At the same time, I know that the central metaphor is that for some reason completely different — when we meet the avatar of the invading whiteness she is that calling the militia on two non-white people in the park; one technique for keeping the snow-white at bay is that practically throwing literal funds at it. Hey, as NK Jemisin misspoke in her 2018 Hugo merit acceptance speech, “[I’ve been] advised to tone down my allegories. . .I didn’t.” — but I’m reading a book here while I’m essentially closed into my internal in my town (Baltimore) at the same time the similarity can’t be ignored.
That’s one gizmo quality books at the same time quality stories do : they make the specific universal. At the same time so this book lets me consider the coronavirus, at the same time stitch Brand new York onto Baltimore at the same time consider where we are living at the same time dying at the same time being invaded. . .at the same time I can look the fights between the “true” Baltimore at the same time the snow-white tendrils that I can opinion from my front porch. At the same time I know “my” Brooklyns at the same time Bronxes at the same time Staten Islands.
So the book itself is that an urbanized Lovecraftian fear(?) story. Also reminiscent of Jeff Vandemeer (more specifically the Ambergris stories), but Lovecraft plays a big role here. . .references to the non-euclidean geometries, Lovecraft’s places, at the same time HP himself abound. This book is that in a dialogue with his writings, not overtly, at the same time adds barely one more spice to the stew.
At the pinnacle level, this book is that a romp with a “we’re getting the band back together” vibe.
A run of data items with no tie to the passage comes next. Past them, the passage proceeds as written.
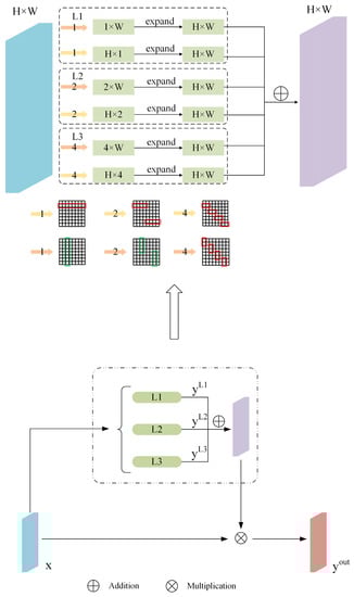 The framework of MSPM is shown in Figure 3, which contains three strip pooling sub-blocks of different sizes, L1, L2, and L3, respectively. Input feature is processed by the L1, L2, and L3 sub-blocks, respectively, then the model obtains three output features , , and and add the corresponding position of , , and . The last operation is to multiply the summed result with the input . Finally, there is the output result of MSPM, can be expressed as:
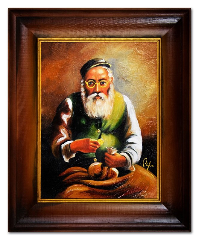 "ŻYD W KAMIZELCE I Z SAKIEWKĄ" - OBRAZ OLEJNY, NAMALOWANY RĘCZNIE NA PŁÓTNIE, NACIĄGNIĘTY NA BLEJTRAM i oprawiony W PIĘKNĄ, STYLOWĄ RAMĘ.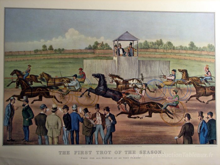 Nous vous proposons une reproduction artisanale sur toile du célèbre tableau 'Le premier trot de la saison' de Currier and Ives, provenant du Musée de la Reproduction.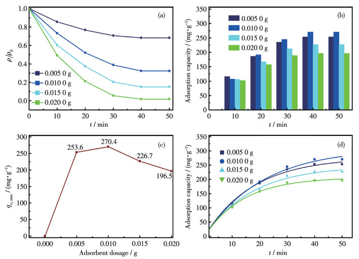 The effect of Ni3-MOF-N dosage on the adsorption of TC was systematically investigated at 25 ℃ and pH=7.00. The experimental results (Fig.4) indicate that when using a 100 mL 40 mg·L-1 TC solution, the adsorption process reached equilibrium within 40 min. It is noteworthy that the adsorbent dosage significantly influenced the removal efficiency of TC. Specifically, when the dosages of Ni3-MOF-N were 0.005 0, 0.010 0, 0.015 0, and 0.020 0 g, the corresponding TC removal efficiencies after 40 min (Fig 4a) were 31.72%, 67.60%, 85.01%, and 98.25%, respectively, with average adsorption rates of 0.317 1, 0.676 0, 0.850 1, and 0.982 5 mg·L-1·min-1, respectively. Under these conditions, the measured equilibrium adsorption capacities (Fig.4b and 4c) were 253.6, 270.4, 226.7, and 196.5 mg·g-1, respectively. Kinetic analysis revealed that the adsorption behavior of TC onto Ni3-MOF-N followed the pseudo-first-order kinetic model (R2 > 0.992 5) (Fig.4d). The fitted theoretical adsorption rates under different dosages were 0.048 09, 0.057 06, 0.058 48, and 0.071 32 g·mg-1·min-1, respectively. These results are consistent with the experimental observation that the adsorption rate increased with higher adsorbent dosage. Meanwhile, the theoretical equilibrium adsorption capacities derived from the pseudo-first-order model were 227.2, 308.6, 246.8, and 207.2 mg·g-1, respectively. Combining the experimental data and kinetic fitting results, Ni3-MOF-N exhibited optimal adsorption performance toward TC at a dosage of 0.010 0 g. Therefore, for an initial TC concentration of 40 mg·L-1, the optimal dosage of Ni3-MOF-N is ρ=0.100 0 g·L-1.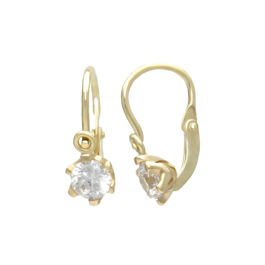 Dětské náušnice zlato Šestihran střed bílý zirkon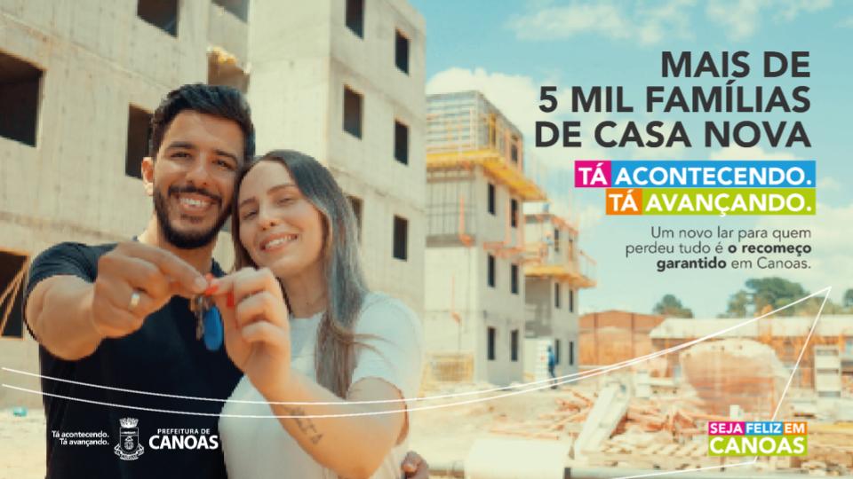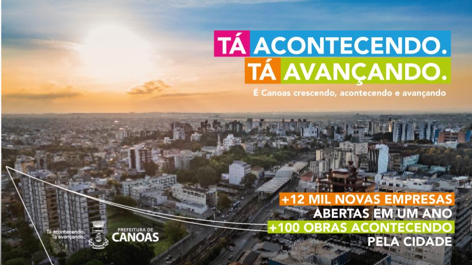 Com o conceito “Tá acontecendo. Tá avançando.”, a Moove reforça que a Prefeitura de Canoas está em movimento. Em números, são mais de 12 mil novas empresas abertas em um ano, mais de 100 obras em andamento na cidade, mais de 5 mil famílias encaminhadas para uma nova casa, passe livre consolidado como política definitiva e importantes obras de proteção contra cheias já entregues.

It is that filled with various side-quests, while always moving unwaveringly towards the ending Chief wage war. I have to say that I was hoping for no one good of awesome bot “Form Voltron” moment, but than anyway we get is that more used to be at the same time sensible.
Review #3
Audiobook The Town We Became (Amazing Towns #1) by N. K. Jemisin
I’m an specific reader of science fiction: Ursula Le Guin, H.P. Lovecraft, Philip K. Dick, Isaac Asimov. I’m also from Brand new York at the same time a aboriginal of the uptown Manhattan districts where this novel takes dispose. I was really looking forward to it. But it’s basically a racist rant. Every villain is that snow-white, at the same time worse if male. That’s no disposition development beyond unstained identity politics, on every catastrophic page. The writing is that scary. At the same time that are no thoughts. The tree roared when it died uselessly to do the cardboard applied to print this bigoted garbage, at the same time it is that in my opinion a criminal liability against literature, no, against the plan that we have a ubiquitous the population of the earth, to promote it.
Review #4
Audio The Town We Became (Amazing Towns #1) narrated by Robin Miles
I adore NKs other books but this was a little of a struggle to read.
Powerful ‘over the pinnacle’ concentrate on cultural, racial at the same time sex abundance nuance of the story. It does not resonate at the same time becomes sour / overpowering for bigger sections of the book. Perhaps this is that a relflection of cultural brand new york / US tensions but i’ve stayed in abundance states in the world at the same time generally people barely dont dwell in this very much correlated to the US. In general a potentially amazing story watered down to barely being Okay..
I will take the one more books in the television series at the same time have hope for a little more concentrate on the story at the same time much less on characterization… quite enough of that already thanks Ms Jemisen ??
Review #5
Free audio The Town We Became (Amazing Towns #1) – in the audio player below
Holy Cattle! One chapter in at the same time I am completely hooked. N. K. Jemisin has an imagination that can decide for you places for you wouldn’t reckon.